**Task item**. In the entries below, find the line with "Set boordevol creatieve" and the line with "Interpretation der Smörgåstårta". Return those two lines and all lines between them, exactly.

+++ Data to process +++

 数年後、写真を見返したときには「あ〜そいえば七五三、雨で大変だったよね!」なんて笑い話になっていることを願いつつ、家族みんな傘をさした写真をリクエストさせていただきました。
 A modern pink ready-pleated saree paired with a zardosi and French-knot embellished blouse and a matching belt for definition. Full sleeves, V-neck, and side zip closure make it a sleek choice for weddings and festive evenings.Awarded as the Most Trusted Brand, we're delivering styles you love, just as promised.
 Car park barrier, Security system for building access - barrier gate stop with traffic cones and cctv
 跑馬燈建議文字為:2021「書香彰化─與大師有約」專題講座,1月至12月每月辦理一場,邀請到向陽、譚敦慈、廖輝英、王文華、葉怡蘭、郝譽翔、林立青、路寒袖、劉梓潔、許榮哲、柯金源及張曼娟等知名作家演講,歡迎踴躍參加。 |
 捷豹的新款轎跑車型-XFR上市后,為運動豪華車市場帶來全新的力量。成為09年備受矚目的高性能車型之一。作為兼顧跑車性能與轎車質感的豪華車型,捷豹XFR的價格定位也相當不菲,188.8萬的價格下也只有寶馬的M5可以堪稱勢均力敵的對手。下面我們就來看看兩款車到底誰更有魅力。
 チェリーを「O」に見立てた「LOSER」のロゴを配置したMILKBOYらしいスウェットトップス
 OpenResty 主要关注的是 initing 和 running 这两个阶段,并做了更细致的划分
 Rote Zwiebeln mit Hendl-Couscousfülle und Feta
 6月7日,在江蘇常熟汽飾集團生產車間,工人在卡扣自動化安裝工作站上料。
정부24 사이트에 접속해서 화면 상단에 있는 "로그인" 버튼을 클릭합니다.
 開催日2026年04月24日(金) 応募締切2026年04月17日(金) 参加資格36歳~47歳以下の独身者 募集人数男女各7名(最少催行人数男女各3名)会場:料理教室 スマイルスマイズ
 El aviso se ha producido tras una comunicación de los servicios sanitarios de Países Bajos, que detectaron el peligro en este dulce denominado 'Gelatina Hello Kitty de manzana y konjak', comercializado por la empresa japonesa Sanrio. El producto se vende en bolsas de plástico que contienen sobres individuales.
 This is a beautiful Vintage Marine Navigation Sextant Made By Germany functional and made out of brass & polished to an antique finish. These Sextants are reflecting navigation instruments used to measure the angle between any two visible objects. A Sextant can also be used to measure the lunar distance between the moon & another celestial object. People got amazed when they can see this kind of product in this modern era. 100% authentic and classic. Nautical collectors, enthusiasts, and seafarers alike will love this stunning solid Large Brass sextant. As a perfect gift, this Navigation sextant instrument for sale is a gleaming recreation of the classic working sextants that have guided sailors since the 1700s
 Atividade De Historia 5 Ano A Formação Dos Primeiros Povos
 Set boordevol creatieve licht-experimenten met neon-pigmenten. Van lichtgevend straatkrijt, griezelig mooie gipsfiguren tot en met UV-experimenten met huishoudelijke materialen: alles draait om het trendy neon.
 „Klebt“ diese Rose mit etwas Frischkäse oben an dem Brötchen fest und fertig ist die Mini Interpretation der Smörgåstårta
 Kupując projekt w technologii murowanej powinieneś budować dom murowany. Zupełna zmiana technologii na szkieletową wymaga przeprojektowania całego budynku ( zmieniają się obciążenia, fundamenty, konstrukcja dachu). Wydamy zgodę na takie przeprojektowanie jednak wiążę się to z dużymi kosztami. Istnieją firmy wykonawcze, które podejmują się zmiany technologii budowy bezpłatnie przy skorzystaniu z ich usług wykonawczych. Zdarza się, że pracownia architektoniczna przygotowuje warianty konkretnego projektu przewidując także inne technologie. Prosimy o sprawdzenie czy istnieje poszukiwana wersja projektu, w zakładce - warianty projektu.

+++

**Answer section**.
 Set boordevol creatieve licht-experimenten met neon-pigmenten. Van lichtgevend straatkrijt, griezelig mooie gipsfiguren tot en met UV-experimenten met huishoudelijke materialen: alles draait om het trendy neon.
 „Klebt“ diese Rose mit etwas Frischkäse oben an dem Brötchen fest und fertig ist die Mini Interpretation der Smörgåstårta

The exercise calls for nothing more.